Certain bands hold an almost mystical cache, somehow falling into a crevice in collective consciousness between legend and obscurity.

The Saints, I feel confident, qualify in spades.

Thanks to musician Kyle Caudle, I made the acquaintance of Michael Slawter, owner of Heyday Guitars in Winston-Salem, as we were waiting for the final set at Test Pattern on the second night of Phuzz Phest. Slawter was wearing the band’s shirt, and I remarked, “I really like the Saints.”

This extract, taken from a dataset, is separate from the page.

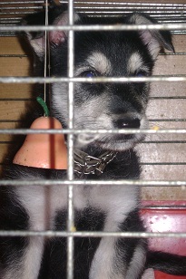 Этого щенка принесли сегодня,ему месяц-полтора. Посадили в клетку для кошек. Он там скулит и воет,не понимает за что его туда посадили.Вырастит,будет не большой собакой.

The truth is that I really didn’t know the first thing about the Saints, other than having heard their impossibly frenetic rendition of the Ike & Tina Turner R&B classic “River Deep, Mountain High” on Pandora and gleaning that they blazed the punk-rock trail in Australia, tracing a path parallel to their contemporaries the Ramones in New York City.

As we were talking, a woman at the side of Tills bass player Tom Peters pointed at Slawter’s shirt, winked and gave him the A-OK hand sign. The Saints are like a secret handshake.

I haven’t succeeded in finding any corroboration on the internet, but I’ll take Slawter’s word for this. Explaining the band’s raw, loud and fast sound dating to 1975, well before punk became regimented into a uniform with mohawks and shirts held together with safety pins, he told me the Saints were influenced by Radio Birdman, another Australian band whose guitarist and principal songwriter came from Michigan and loved the MC5 and the Stooges. So the loud, angry sound of late ’60s Detroit rock was essentially transplanted to Australia and came into bloom roughly five years later.

Radio Birdman is another band that I kind of love and really don’t know much about. I don’t know where I was when I first heard their song “Murder City Nights,” but it boasts an unforgettable lyrical exposition: “Cruising down Woodward gotta find me some action/ Looking for a lover with a power reaction.”

The chorus of the song, which came out in 1977, features a virile howl that must have provided a blueprint for Glenn Danzig and the early Misfits.

The mystery deepened when I found myself walking across Woodward Avenue during the 2012 Association of Alternative Newsweeklies convention in Detroit on my way to Greektown to look for a bar. “Hey, wait a minute,” I said to myself.

Thanks to the serendipity of meeting a new friend with a cool rock-and-roll T-shirt, another piece of the puzzle falls into place.